1. Phrase tokenization

The prompt is split at sentence boundaries (., !, ?, newlines), then long sentences are further split at clause boundaries (,, ;) until each chunk is roughly 35–60 characters. This gives phrase-level granularity without the noise of token-level coloring.

2. Baseline generation

The full unmodified prompt is sent to the model once to get a reference output.
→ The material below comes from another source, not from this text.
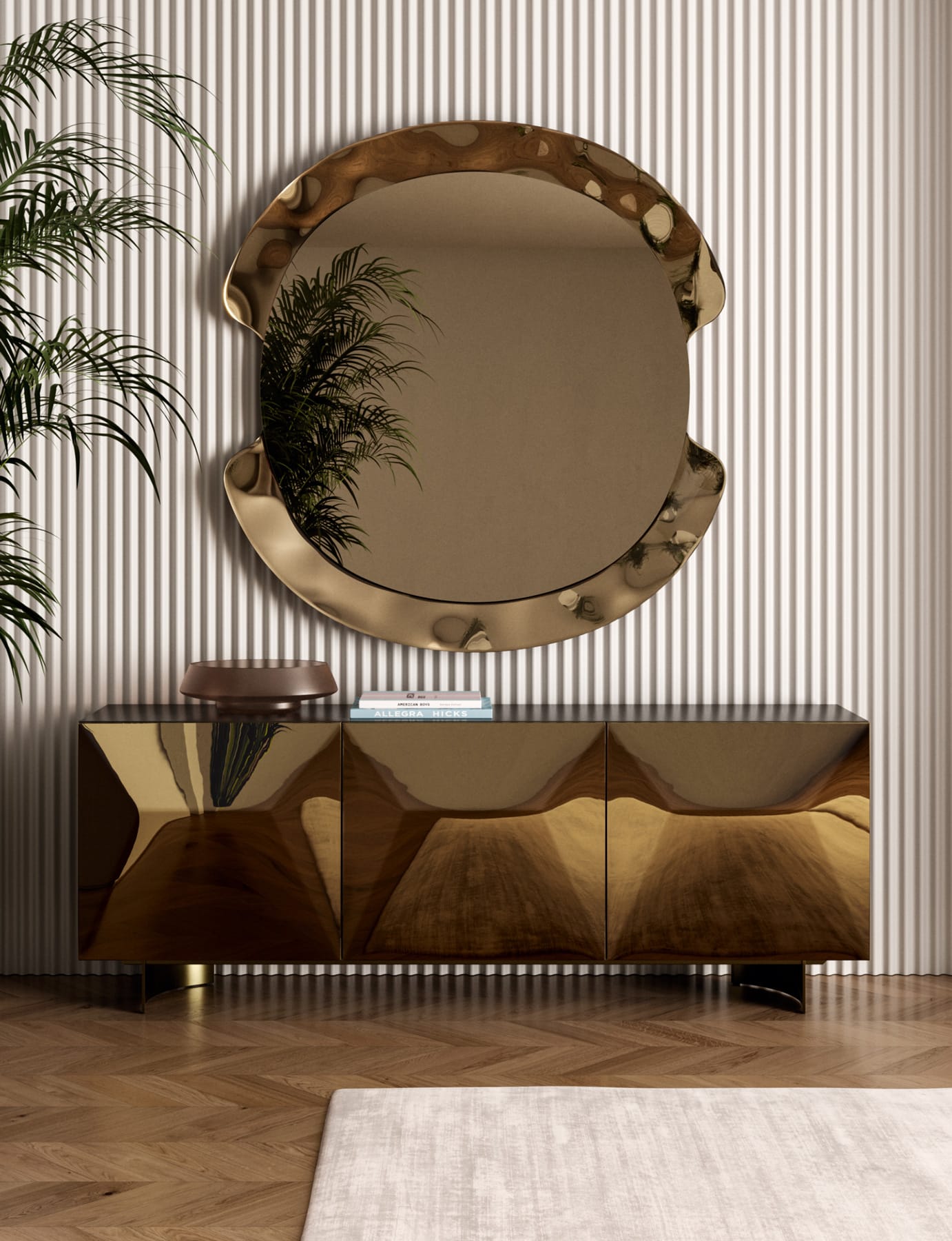 Though characterized by a classic and functional design, the Eden sideboard stands out as a unique blend of technological innovation and material craftsmanship. Its mirrored, smoked, or bronze doors serve as captivating aesthetic highlights. The meticulous manufacturing process, marked by a linear yet sharp silhouette, captivates the viewer across its entire surface, transforming dynamically with variations in light and the observer’s perspective, creating mesmerizing iridescent plays of light and shadow.

All subsequent comparisons are made against this baseline.

3. Saliency computation

Three methods are available:

Method	Mechanism	API calls	Best for
Perturbation	Replaces each phrase with `[...]`	N+1	General use, fastest
Leave-One-Out	Removes each phrase entirely	N+1	Short, dense prompts
Paraphrase	Asks the model to rewrite each phrase as something maximally vague, then re-runs	2N+1	Most semantically accurate signal

4. Divergence measurement

Output similarity is computed using character trigram cosine similarity - overlapping 3-character substrings are extracted from both outputs, frequency vectors are built, and cosine distance is computed. Saliency score = 1 - similarity. This is language-agnostic, requires no NLP library, and is robust to surface-level paraphrasing in the model output.

Chose this technique on this basis of: Smolka, A., Wang, H.-M., Chang, J. S. et al. (2022). Is Character Trigram Overlapping Ratio Still the Best for Aligning Paraphrases?

But due to the apparent limitations of this technique, I will be looking towards moving towards a better saliency measurement formula in the next iteration.

5. Normalisation and rendering

Raw scores are min-max normalised across all phrases so the full colour range is always used. Each phrase is rendered as an inline span with a background interpolated across a 5-stop gradient (dark blue → cyan → amber → orange → red). Hovering any phrase shows its exact impact percentage.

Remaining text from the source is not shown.